After all, he really didn’t care who he killed—anyone would do, as long as he
was human—or elfin. He would be just as glad to make Byleo the butt of his
revenge as his own tribesmen.
    No,
his own tribesmen would be better—much better. But any other human being would
be acceptable after that—except, possibly, for these hunters. He would delay
judgment on them.
    Of
course, he would try them first. When they pitched camp an hour or so later,
Lucoyo volunteered to gather kindling, while others set out to hunt. There were
few trees on this side of the river, and they all clustered by the water—the
flow marked the end of Ohaern’s forest country and the beginning of Lucoyo’s
grasslands—but Lucoyo found sticks enough to start a fire, and some thick
enough to keep it going.
    He
also found a stand of curious fanlike plants with cones that he knew well.
    He
brought them all back to the campsite and started laying the fire to roast the
pig the hunters brought back. Then he stacked the larger sticks to the side,
hiding the cones in them.
    “Well
done, Lucoyo!” Dalvan knelt beside him, opening the greenwood box that hung at
his belt and emptying the living coal out into the pile of kindling. Lucoyo
watched with interest and saw the box was lined with clay, hardened and
blackened from the heat. His folk always carried along a smoldering pot, but
when they journeyed from place to place, they went as a clan, not by ones and
twos. He realized he could learn much from these hunters ...
    And
they from him.
    When
the pig was roasted and the carcass taken from the spit, Lucoyo said, “I will
stoke the fire.”
    The
Biriae looked up, agreeably surprised. “Well, thank you, Lucoyo!”
    “None
can say the ha—the stranger does not do his share of the work.”
    “Stranger?
No more! Let us call him ... the archer!”
    Lucoyo
almost felt guilty as he set a few sticks on the fire— with the cones among
them. But he steeled himself with the thought that these Biriae’s goodwill must
be tested—never mind that he wasn’t really acting as a friend should.
    He
went back to his place, gnawing on a bone and listening to the talk. Glabur was
in the middle of a tale about a huge boar and a sharp spear when—
    The
fire exploded.
    Loud
reports rang out, and sticks and flaming coals flew everywhere. Dalvan shouted
with pain and brushed a burning stick from him as he jumped up. The others were
already on their feet, yards away from the fire and still moving, calling to
one another, “What was it?”
    “A
spirit!”
    “The
wrath of Ulahane!”
    “A
fire demon!”
    Ohaern
was as surprised as any of them, but as he leaped back, his hand was on his
dagger, his left up to guard, and the expression on his face neither angry nor
frightened, but only very alert. While the others looked at the fire, he looked
at the trees around, then at them, and noticed that Lucoyo was silent, though
moving just as fast as any of the band. He caught the halfling’s eye, and
Lucoyo’s face went blank with innocence.
    Ohaern
laughed.
    The
other Biriae looked up at Ohaern in surprise, then followed his gaze to Lucoyo,
then looked at one another with sheepish grins as they all began to laugh, too.
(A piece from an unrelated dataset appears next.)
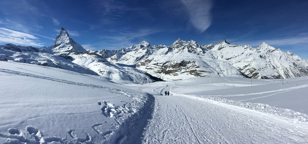 Along the way I remembered an interesting fact. A quarter of the Matterhorn was actually in Italy. The two sides we could see from our trail, the East facing and North facing were in Switzerland, as was the Western side. But the South facing was over the border. It even has a different name in Italian, where it's called Cervino. The Italian/Swiss border ran along the ridges connecting the chain of peaks, sharing the glory of the Pennine Alps between the two countries. The wanderweg continued along a wide cleared path. It was the perfect winter hike. The snow made for level ground which meant we didn't have to focus too much on where we placed our feet. I've seen images of it in summer and the stoney path is full of trip hazards. You could easily twist an ankle if you weren't concentrating. On this stretch of the trail we could appreciate the chain of peaks of Dente Blanche, Ober Gabelhorn, Zinalrothorn and Weisshorn to name but a few. Hurrying past us was a family, with two teenagers larking about, taking short-cuts into the deep snow. They had this beautiful black and white dog, similar to a tall large Spaniel that reminded us of so much of Sylvester, our Border Collie cross Springer Spaniel. Naturally we connected with them and asked "What breed is he?" "He's a Dutch cross breed" they said "a Stabijhoun and a Wetterhoun", a Pointer and a Water Dog, both Friesian. If we ever have another dog after Sylvester it will be the Stabyhoun! After twenty minutes of marching in the snow the path changed course, turning North. We were now looking straight down the Mattertal valley. Zermatt was down there somewhere. In the foreground were a collection of buildings which constituted Riffelberg.

“It was a famous joke,” Glabur told Lucoyo, “or will be. What was it? Resinous
wood? But here there are no pines.”
    “No,”
Lucoyo admitted. “Cones.”
    “Cones?”
Glabur stared in surprise. “What kind of cone makes a noise like that?”
    “We
call it ‘the podium,’ “ Lucoyo told them. “It is a low branching plant with a
few cones at the top. Crickets sit on them to play their tunes, looking like
chieftains standing up high to address their people.”
    “
‘Lucoyo’s podium’ it shall be to us from this day forth,” Ohaern averred.